Female genital mutilation was long considered an “African problem”, its existence in Asia was simply ignored. There may be many reasons behind this blindness. In a series, Stop FGM Middle East will publish different analyses of the phenomenon. The first takes a look at the figures, the way questions are asked or not asked and how answers are interpreted.

Unicef’s limited numbers: Female genital mutilation much more widespread

By Oliver M. Piecha

Unicef's statistical overview concentrates on Africa

Unicef’s statistical overview concentrates on Africa

1.12.2013. In December 2012 the UN general assembly condemned female genital mutilation (FGM). This step was followed in 2013 by a comprehensive UNICEF-report about FGM worldwide. Since its publication the media has reported about great progress in the struggle against FGM citing this report. While UNICEF itself speaks of small progress, some may accidently exaggerate numbers.UNICEF counts 125 million girls and women as victims of FGM – a number significantly lower than the former UN-estimation of 140 million victims worldwide.

This astounding reduction is explained when reading deeper into the text: The 125 million are actually not worldwide cases, but only those in the 29 countries in which women were asked about FGM. Indeed, it could be expected that journalists can read. However, UNICEF has contributed quite directly to this misunderstanding. According to the report, those 29 countries constitute those “where the practice is concentrated”. This must be disputed.

Except for Yemen and Iraq all countries in the report are located in Africa

Except for Yemen and Iraq all 29 countries are located in Africa. For the longest time female circumcision was considered an „African problem“, the practice was seen as rooted in African pre-Islamic, pre-Christian culture. For Yemen, the only non-African country where it was long known to exist, it was assumed to be imported from the African continent.
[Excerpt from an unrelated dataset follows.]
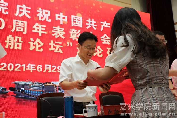 6月29日下午,学校在梁林校区TCL国际会议报告厅召开庆祝中国共产党成立100周年表彰大会暨2021年“红船论坛”理论研讨会。校党委书记卢新波出席会议并讲话,校党委副书记吴云达主持会议。党委副书记钱方明,党委委员、纪委书记,省监委驻嘉兴学院监察专员陈新友,副校长、党委委员张琦,副校长、党委委员杨培强,副校长陈荣达出席会议。

Newer evidence shows that these assumptions can’t be correct, neither geographically nor does the explanation suffice. The narrative already took a severe blow when it surfaced that FGM is prevalent in parts of the Kurdish region of North Iraq. Surveys in this region and lobby work in fact led to the inclusion of Iraq in those 29 countries UNICEF now considers to be those where the practice is concentrated.

By now it is evident that FGM is practiced in many more Asian countries. Small-scale surveys show its existence in Iran, Saudi Arabia, Kuwait and the United Arab Emirates. In Oman and Pakistan media reports have tackled the issue. A broad discussion about bans and restrictions has been taken place in Indonesian media for years.

All these countries have been mentioned in recent UN publications about FGM. Not so in the new UNICEF report which does not even name Indonesia. With a population of 240 million the potential number of victims is by multiple times larger in Indonesia than in many relatively small African countries which were surveyed. Why UNICEF did not mention the existence of FGM in Indonesia, Oman or Iran can be easily explained: In these countries they simply didn’t ask about FGM.

The UNICEF report is based on UN initiated Multiple Indicator Cluster Surveys (MICS) and Demographic and Health Surveys (DHS), which are conducted in regular intervals in most developing countries. The actual interviews are conducted by national governments and the compilation of questions out of the UN developed questionaires may vary. The choice is sometimes puzzling: While questions about the use of condoms when inquiring about HIV prevention are asked in countries where most people have no clue what they are, questions about FGM are missing even in some hot spots of FGM. In the case of Yemen, the survey did not include any questions about FGM during the last rounds of surveys, which is why UNICEF now relies in its report on data from 1997.

24 of the 29 surveyed countries have passed legislation against FGM

For Iraq the question module FGM was included the first time during the fourth MICS round in 2011. In the same year the parliament of the Kurdish region in Iraq had passed a law making FGM punishable. Thus, the problem was not only officially recognized at this point but there was a political will to tackle it. In fact, 24 of the 29 surveyed countries have passed legislation against FGM, some impeding some outlawing it.

This could have led to another problem: Wouldn’t a woman hesitate before she admits to a criminal deed when questioned by a government employee? In Islamic and Middle Eastern countries a further complication when asking about FGM must be considered: Contrary to some African societies where FGM is part of a public rite of passage the practice is generally concealed in Middle Easteern societies. It is not a public act and undertaken more or less secretively by the women of the family. It is not unusual to find men who haven’t even heard of it and have no clue that their wife, sisters and daughters are circumcised.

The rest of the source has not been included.